Task to complete >> Starting at the line that contains "Grande Halle de", copy every line through the end of the records below exactly as written, leaving out pictures.

Task data >>
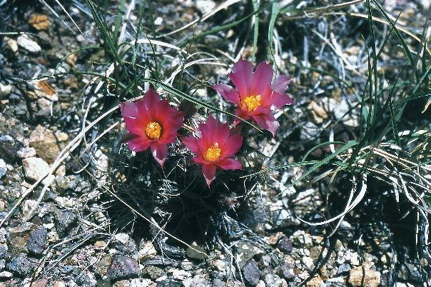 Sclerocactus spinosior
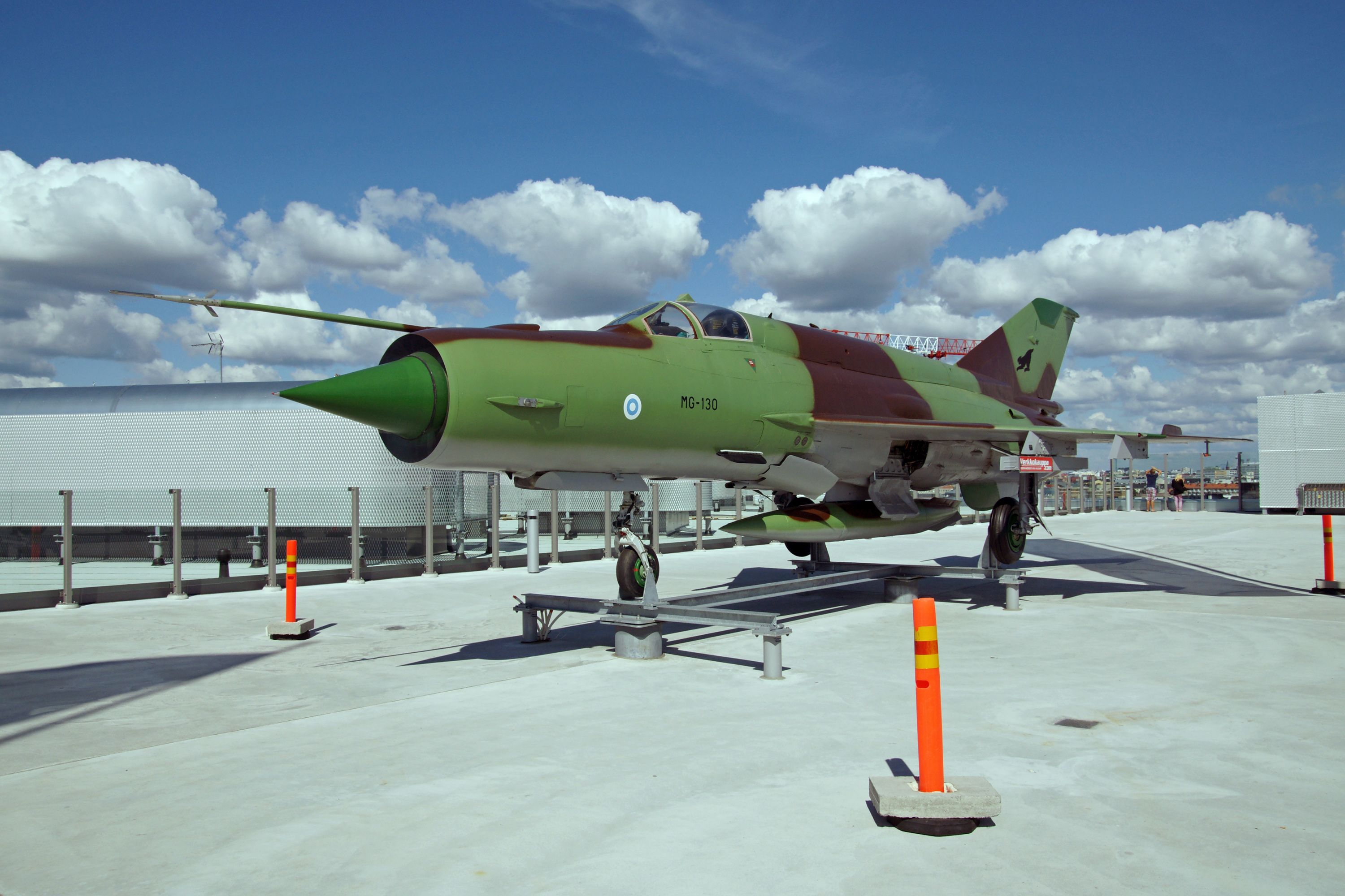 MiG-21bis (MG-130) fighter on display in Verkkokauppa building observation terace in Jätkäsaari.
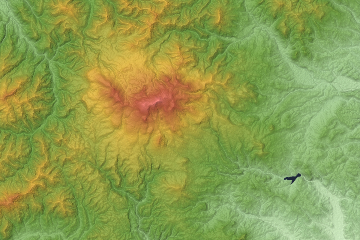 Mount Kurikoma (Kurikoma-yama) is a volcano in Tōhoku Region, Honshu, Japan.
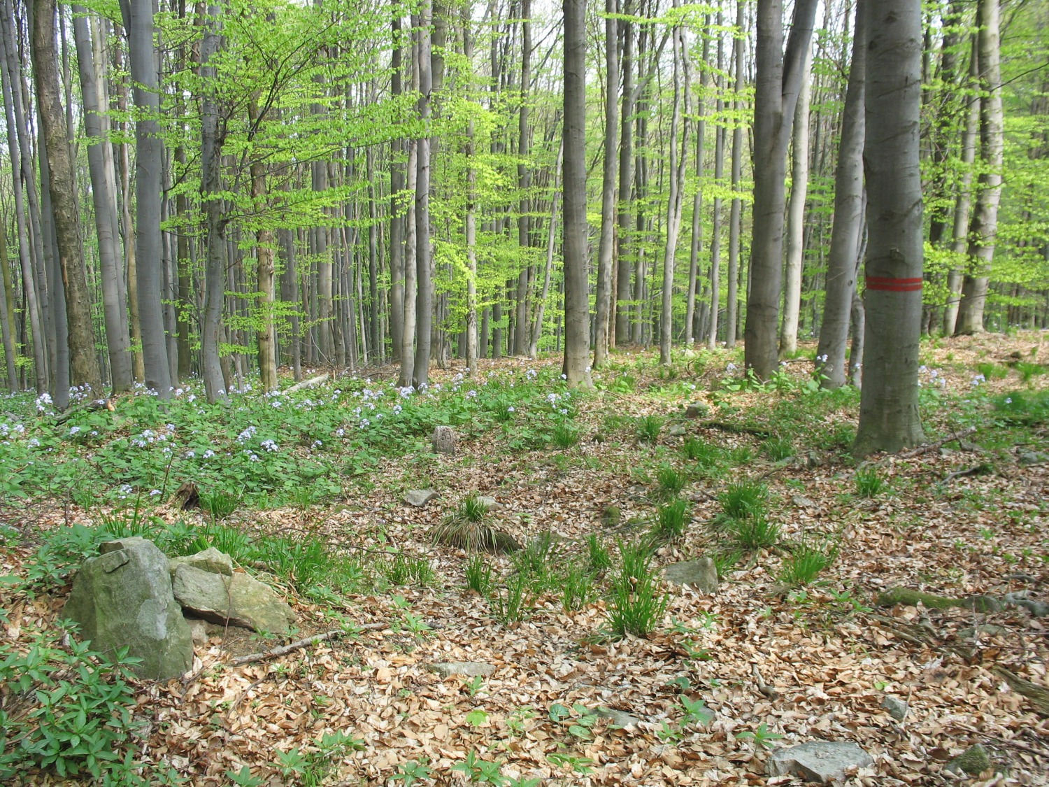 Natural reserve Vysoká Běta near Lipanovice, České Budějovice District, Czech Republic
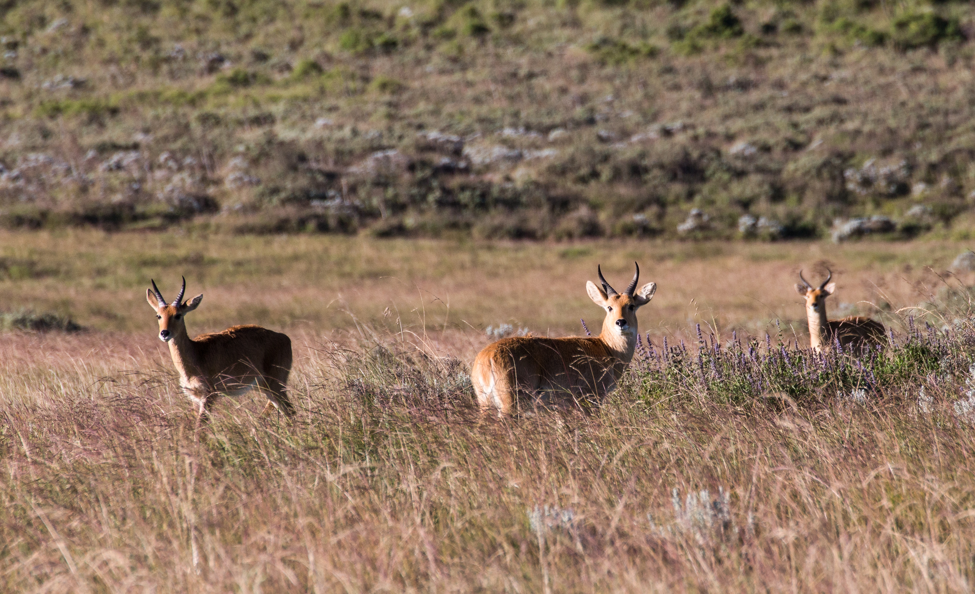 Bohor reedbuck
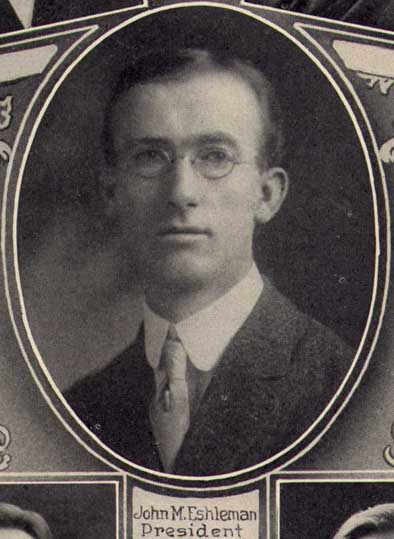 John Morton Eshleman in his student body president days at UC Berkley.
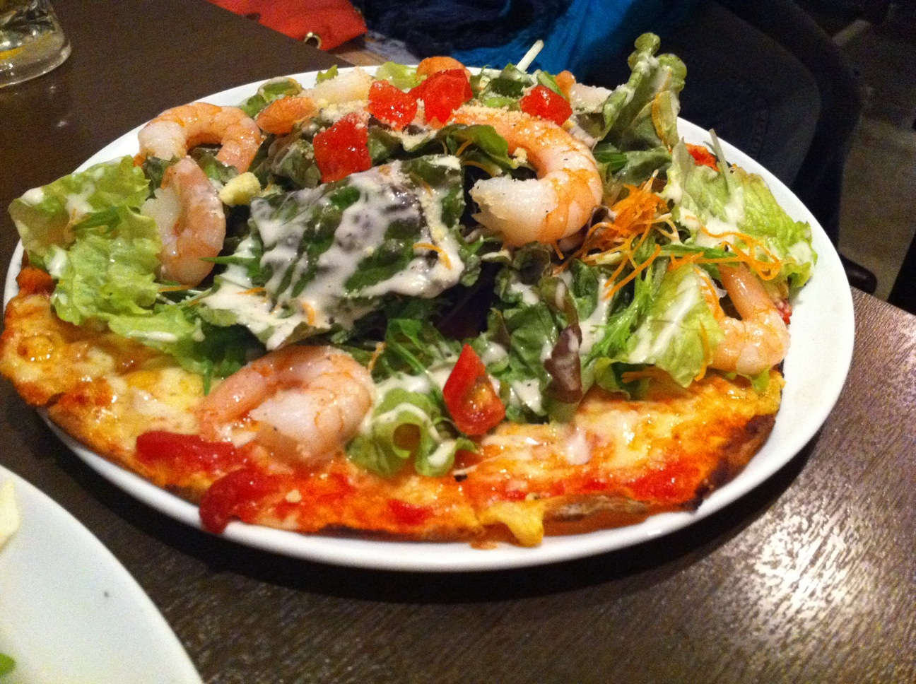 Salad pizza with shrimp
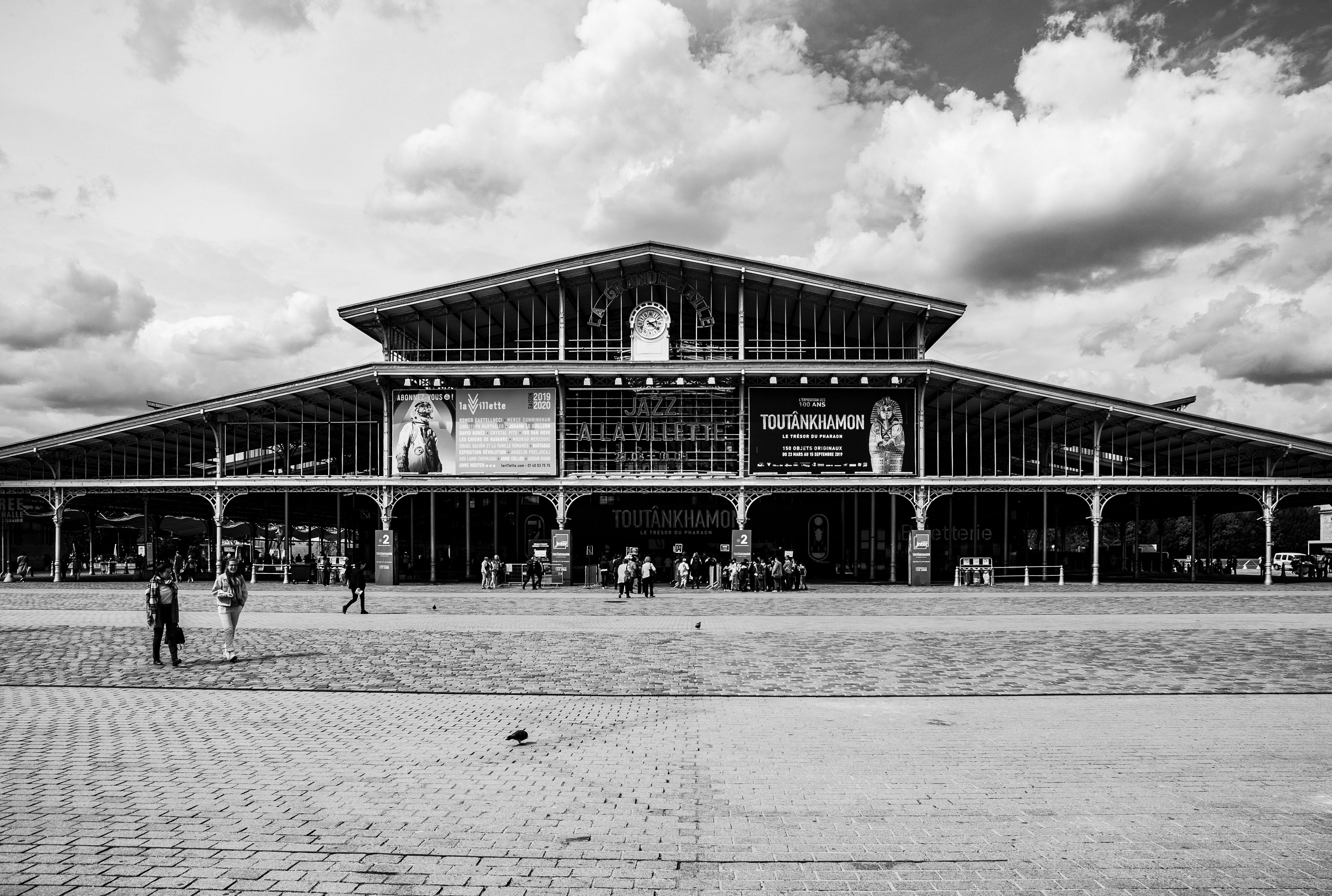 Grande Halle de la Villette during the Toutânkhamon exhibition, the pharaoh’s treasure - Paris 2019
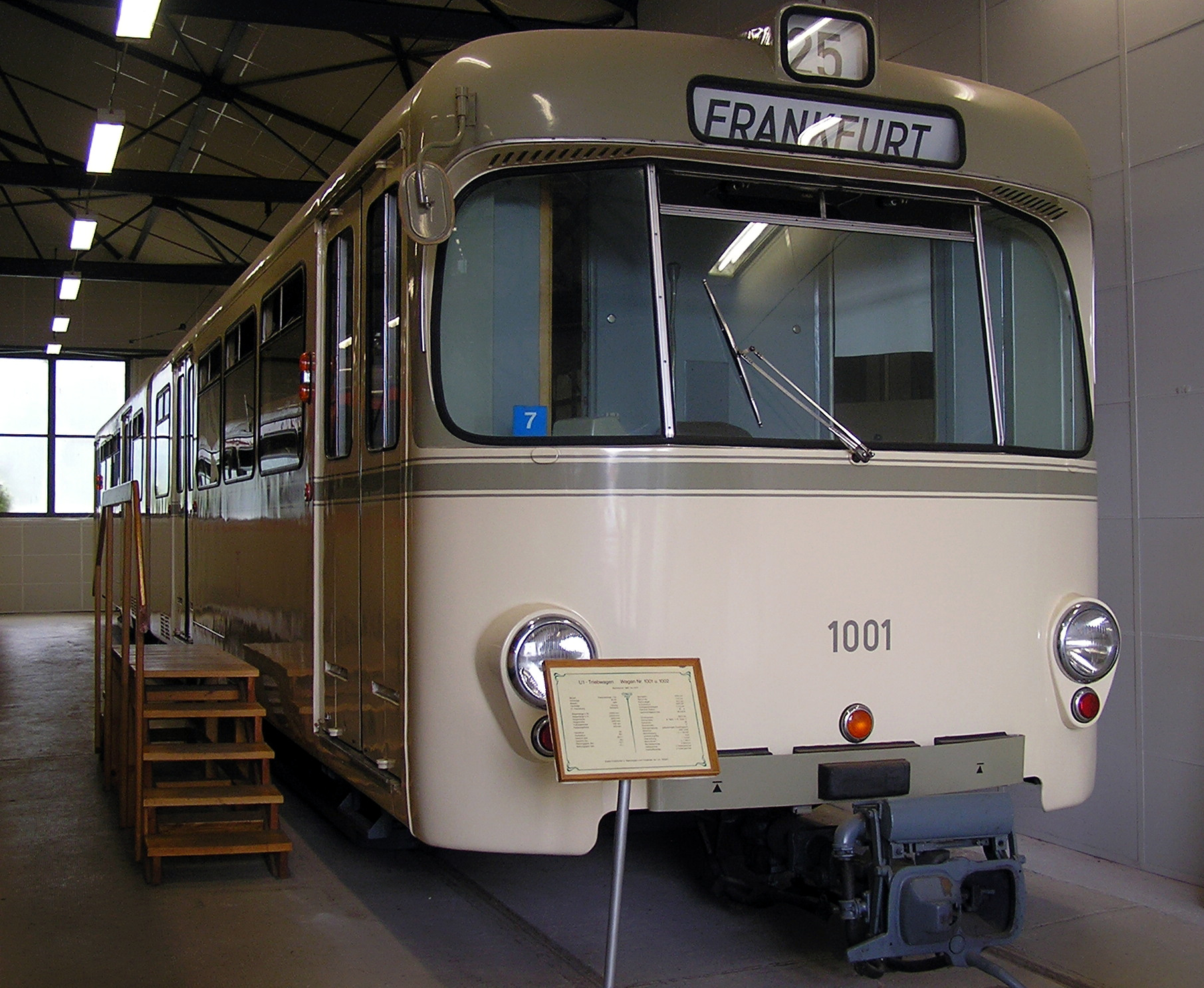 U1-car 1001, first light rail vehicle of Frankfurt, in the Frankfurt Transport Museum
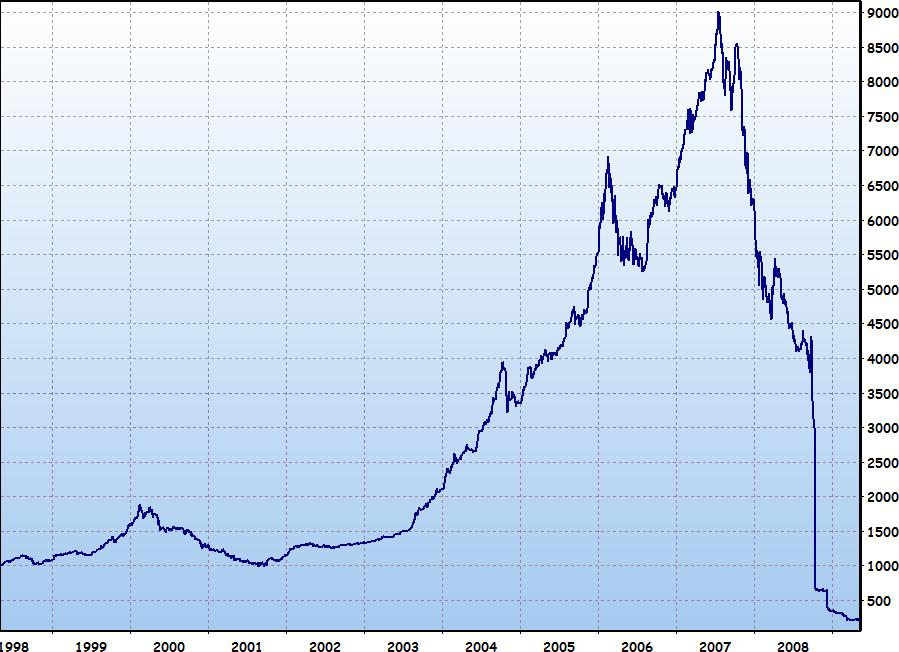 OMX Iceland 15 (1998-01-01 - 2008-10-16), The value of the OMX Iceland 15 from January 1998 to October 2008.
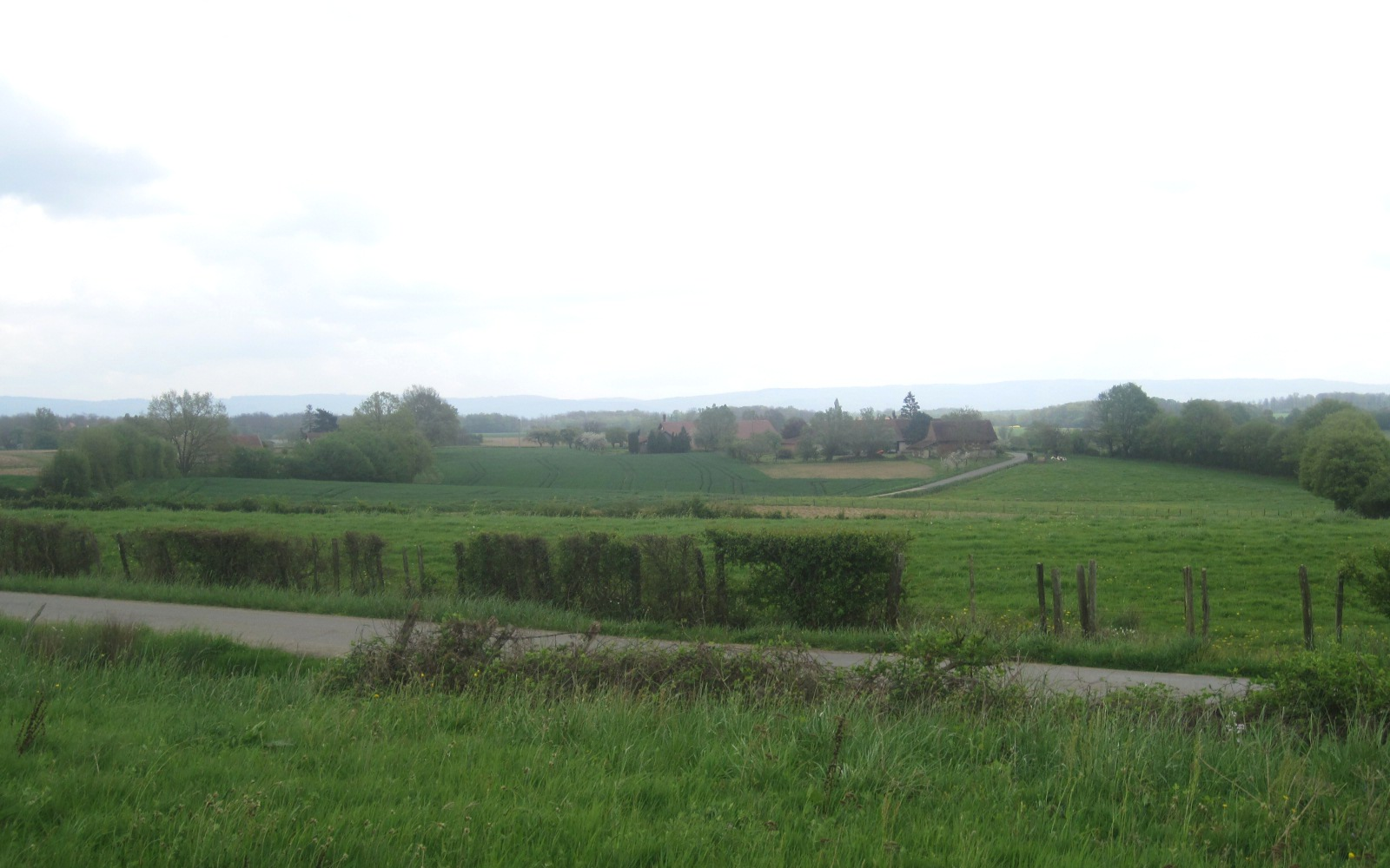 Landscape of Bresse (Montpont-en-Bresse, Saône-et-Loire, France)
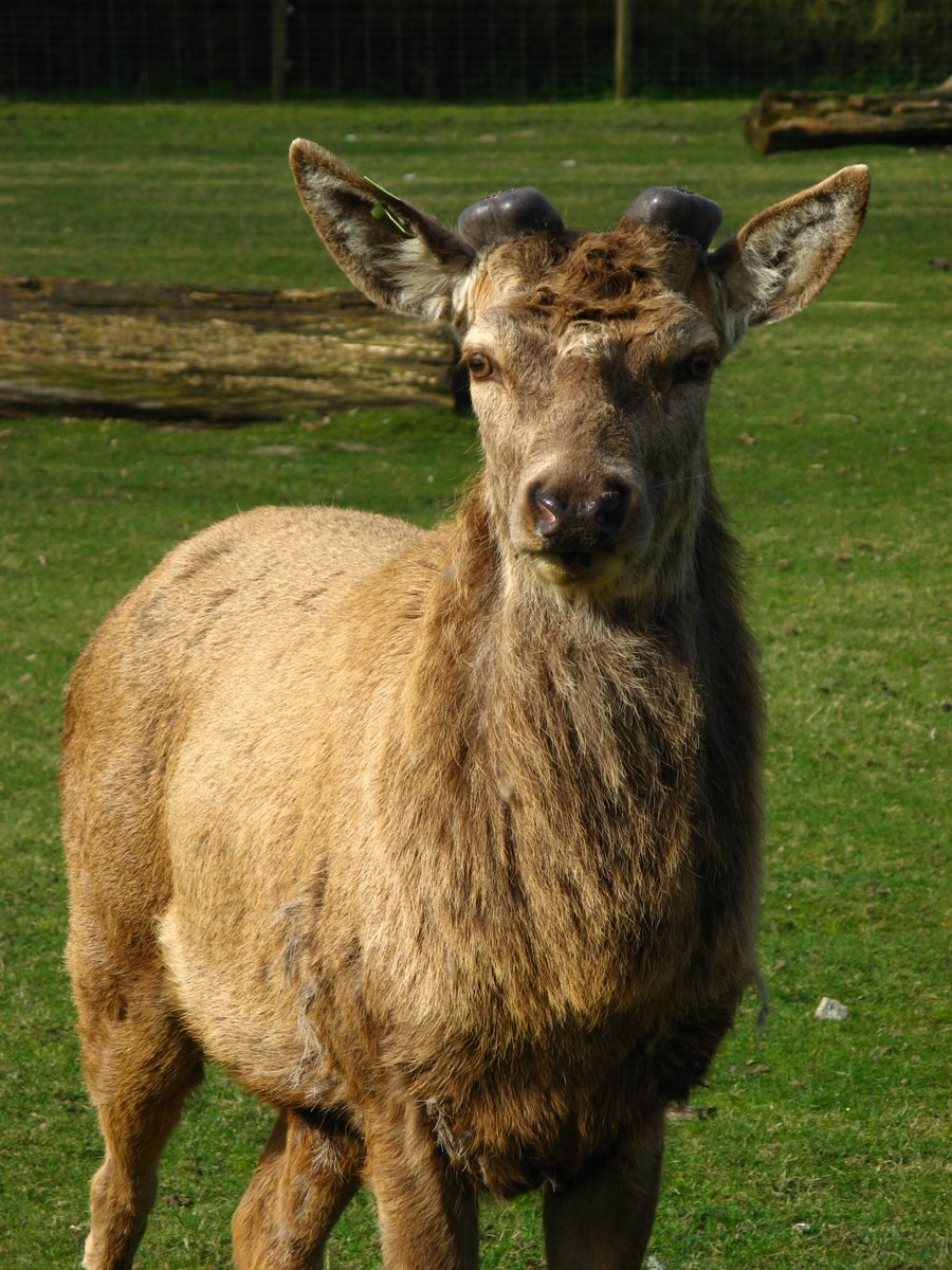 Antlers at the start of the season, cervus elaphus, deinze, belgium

Answer >>
 Grande Halle de la Villette during the Toutânkhamon exhibition, the pharaoh’s treasure - Paris 2019
 U1-car 1001, first light rail vehicle of Frankfurt, in the Frankfurt Transport Museum
 OMX Iceland 15 (1998-01-01 - 2008-10-16), The value of the OMX Iceland 15 from January 1998 to October 2008.
 Landscape of Bresse (Montpont-en-Bresse, Saône-et-Loire, France)
 Antlers at the start of the season, cervus elaphus, deinze, belgium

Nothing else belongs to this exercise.